I don't think you should run into any locked file issues. Kill away.

Brad_GMI

It appears as though I am back in business. This has apparently been going on since July 5.

I restored the backup from July 4 and all appears to be functioning.

The database is sitting at 3 GB now. Any idea what would cause such a dramatic increase?

Thank you for the assistance!

phildunlap

3GB still seems pretty big to me. Do you have the NoSQL module installed?

Any idea what would cause such a dramatic increase?

Recently we discovered that updates to blob columns in the H2 database will expand the database. This was particularly an issue for things with Persistent TCP Publishers that had sync'ing enabled, as unto recently the tracking of how far points had sync'ed was done in a single blob for the whole publisher, which meant an update for every point that sync'ed and thus a continuously expanding database.
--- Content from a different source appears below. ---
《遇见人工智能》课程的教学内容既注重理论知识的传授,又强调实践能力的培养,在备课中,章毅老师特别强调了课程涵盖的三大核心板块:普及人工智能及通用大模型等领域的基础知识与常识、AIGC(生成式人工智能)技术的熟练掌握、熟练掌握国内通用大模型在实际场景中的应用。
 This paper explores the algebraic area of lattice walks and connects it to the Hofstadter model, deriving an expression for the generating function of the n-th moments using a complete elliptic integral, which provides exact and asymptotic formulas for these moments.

So, some ways to deal with that would be converting to MySQL, or updating to the latest Mango where we have mitigated at least that source of growth via move the tracking of sync times into its own, non-blob database table.

At 3GB (if you have NoSQL installed) I would still expect there to be a considerable amount of clutter making that DB large, and you may benefit further from another purge-restore. If you aren't using NoSQL I would just assume that's the pointValues table getting large.

Brad_GMI

This is a enterprise install with NoSQL.

There are currently ~35 Persistent TCP datasources in this install.
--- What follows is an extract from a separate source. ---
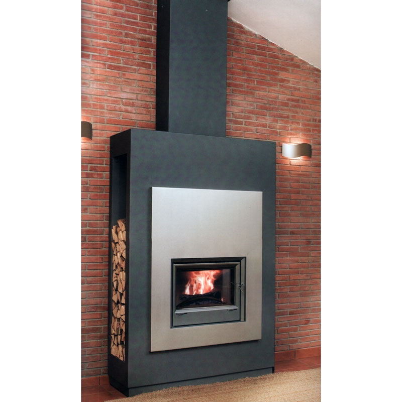 Пристенный металлический камин, вертикальные дровники с двух сторон. Фронтальная рамка из матовой нержавеющей стали. Инсерт Insert Panorama Clima - стандартная версия.

I did notice today that the datasource page will not load the datasources, but the dashboard and datapoints pages appear to be displaying the data properly.

I'm going to check an older database and see if that helps.

phildunlap

I have a suspicion the data source page issue would be the one in this thread, with the course of resolution I suspect you will use provided by Jared at the end (unless you are going to upgrade the instance): https://forum.infiniteautomation.com/topic/3551/data-sources-does-not-appear

The problem was more pronounced on the publisher, but I could see how points being updated could cause that. I would really consider moving your installation to MySQL, since you are on 2.8 and MySQL doesn't have the issue.